In order to overcome the influence of kernel functions, researchers have proposed various methods, among which the representative one is the multiple kernel learning method. For example, Bennett et al. selected multiple kernel functions by the Multiple Additive Regression Kernels (MARK) algorithm, which achieved good results on three benchmark datasets [6]. Sonnenburg et al. proposed a semi-infinite linear programming-based multi-kernel selection method and experimentally verified the applicability of the proposed algorithm to groups and hundreds or even hundreds of thousands of kernels [7]. These multiple kernel learning methods take multiple kernel functions, following predetermined are rules, to obtain composite kernels. The results are not necessarily better than those of a single kernel and still require the selection of kernel functions.

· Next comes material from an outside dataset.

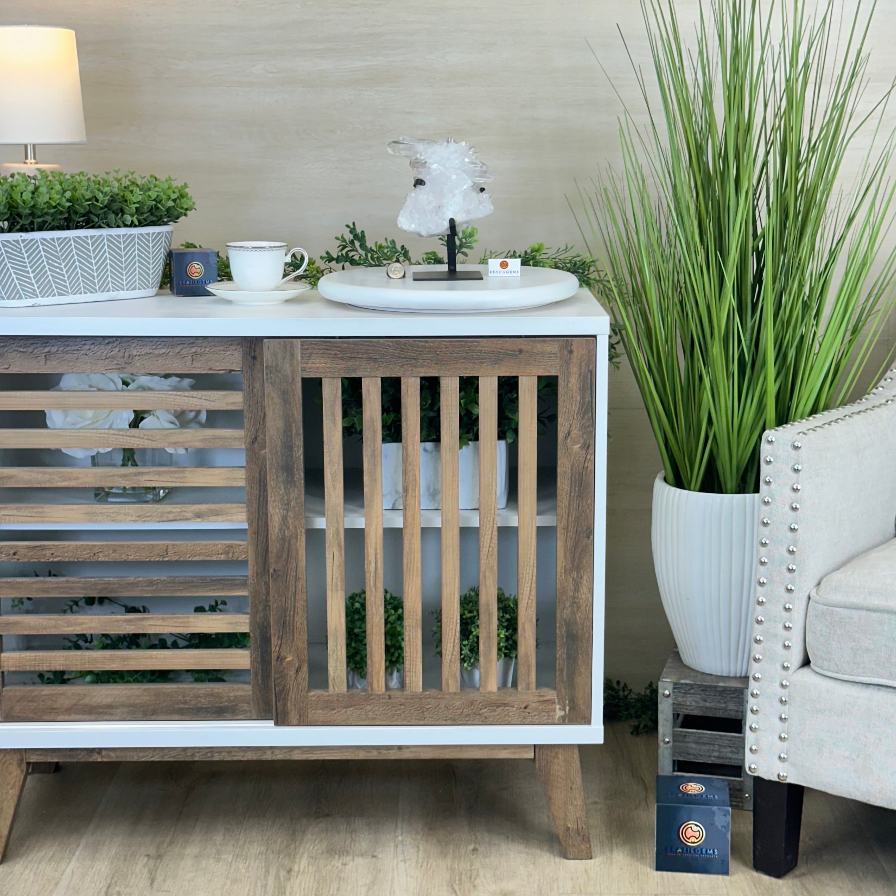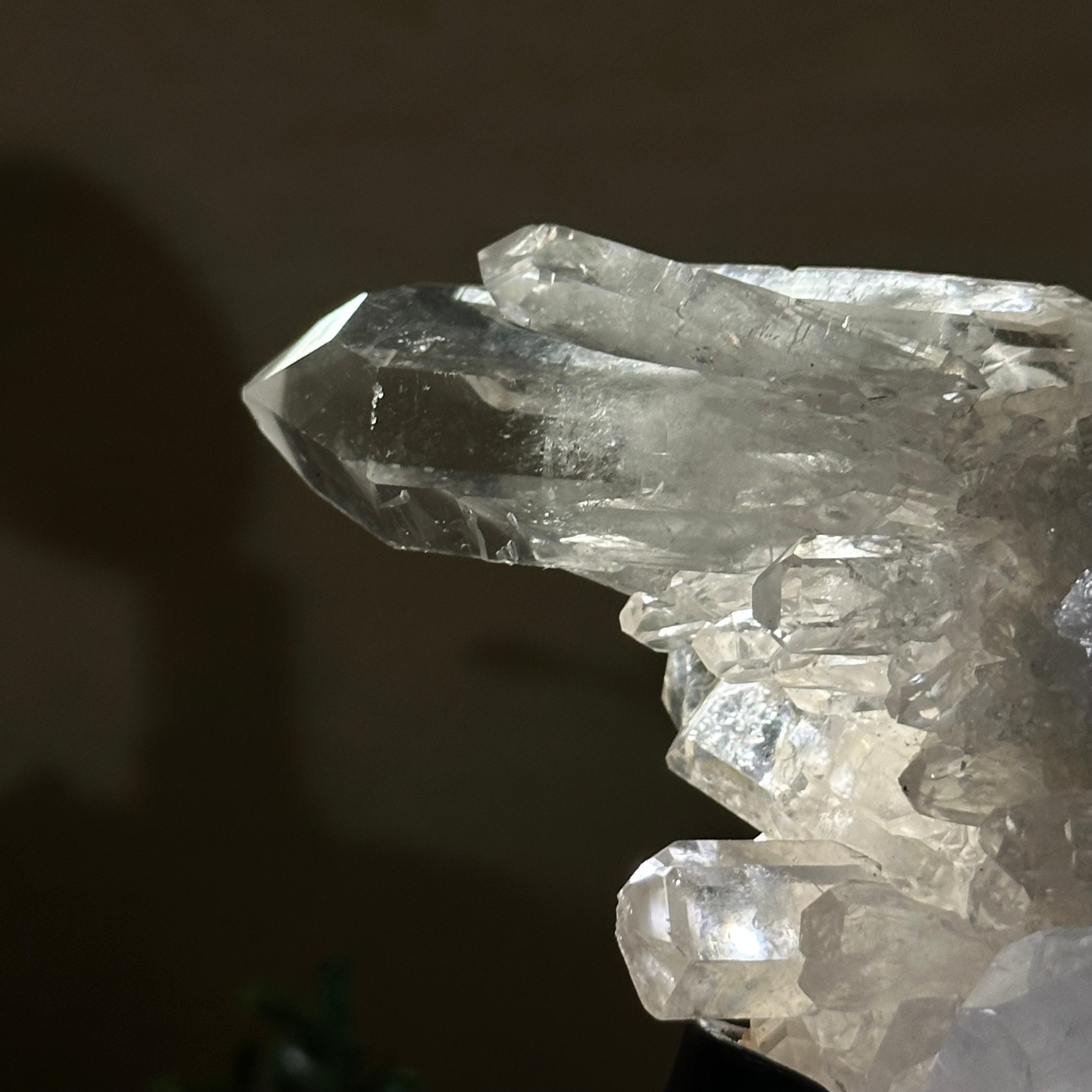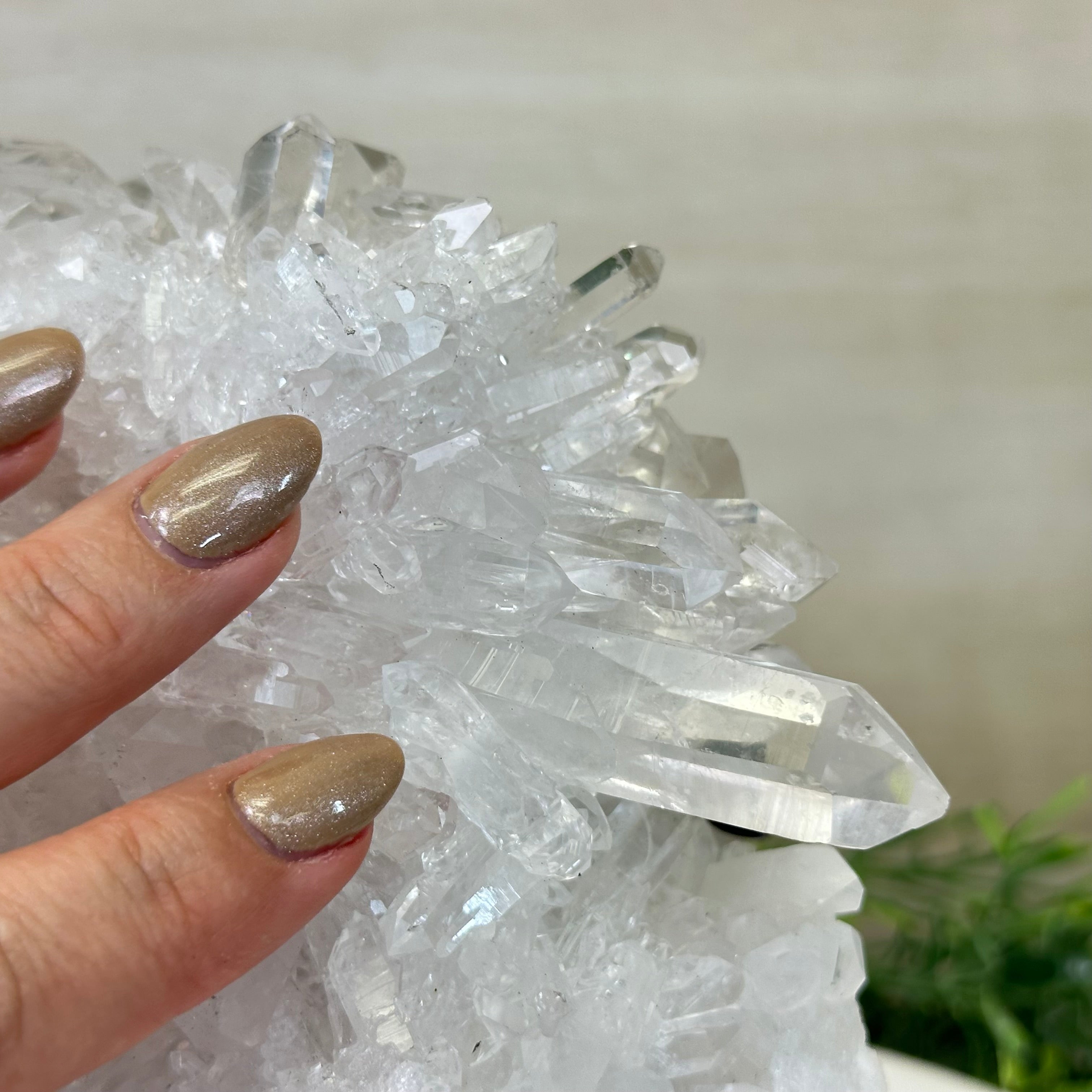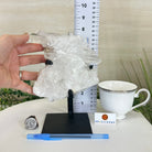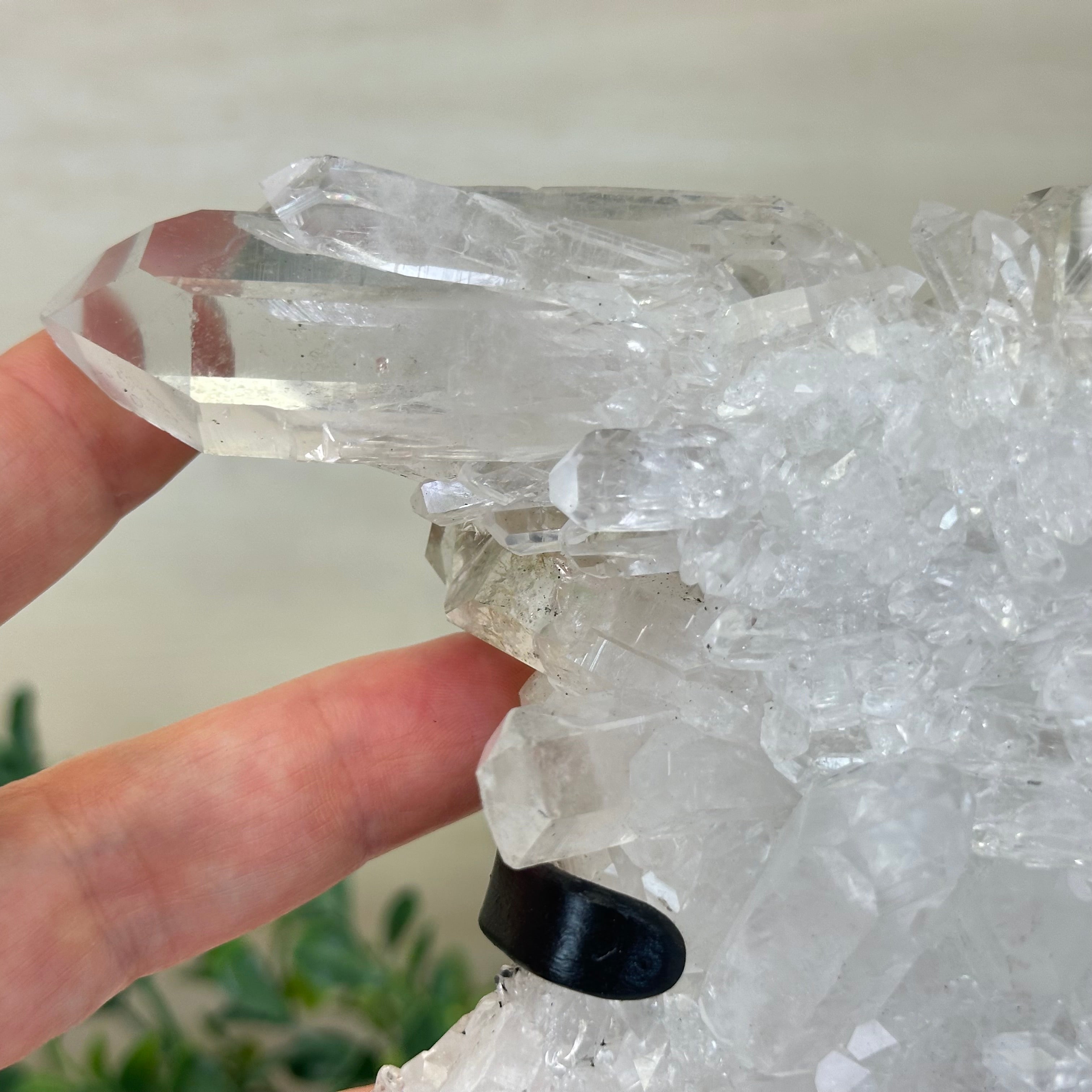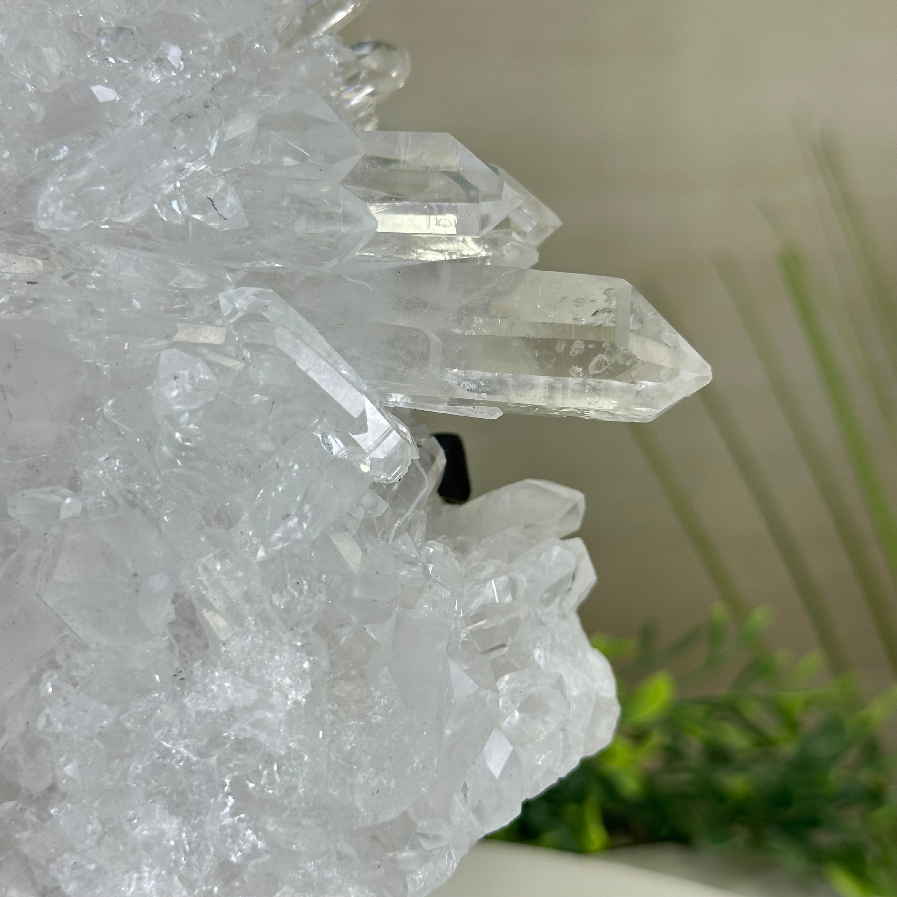 A testament to nature's sublime artistry, this extraordinary Brazilian Super Quality Clear Quartz Cluster by Brazil Gems® will boost your crystal collection to new heights. Elevated upon an elegant metal foundation, its commanding presence and radiant crystalline formations instantly captivate the observer's gaze. Each transparent facet reveals an intricate tableau of geological phenomena—a silent narrative of Earth's patient craftsmanship over countless millennia.

Due to the strong feature extraction capability of convolutional neural networks, many scholars have used them for feature extraction. Li et al. proposed a deep kernel mapping support vector machine that implements kernel mapping by a deep neural network that maps data to a high-dimensional space [8]. The model does not require the selection of kernel functions and the mapping process is explicit. The model achieved results on 11 datasets due to other models. Liu et al. framed this approach by proposing a deep unified kernel mapping support vector machine framework, which makes this approach more general [9]. However, these models only considered information in a single dimensional space and did not consider the relationship between different dimensional spaces.

As the network is gradually deepened, gradient disappearance as well as gradient explosion comes along. For this reason, He et al. proposed the ResNet network, which allows the layers of the network to continue to deepen and the accuracy to further improve by constructing multiple residual units [10]. To ensure that features are maximally utilized, Huang et al. proposed DenseNet, for each layer of the network, the feature maps of all previous layers are used as inputs [11]. Zhang et al. proposed a framework for shortcut convolutional neural networks, which are able to produce better representations by integrating features from different layers through shortcut connections with learnable weights, achieving on multiple image classification datasets better results than standard convolutional neural networks [12]. Thus cross-connected can be used to mitigate gradient explosion and gradient disappearance, and fusing features from different layers to enrich the features of the network can be of great help for vision tasks. For this reason, in this paper, information from different dimensional spaces is fused by cross-connected as the final feature space.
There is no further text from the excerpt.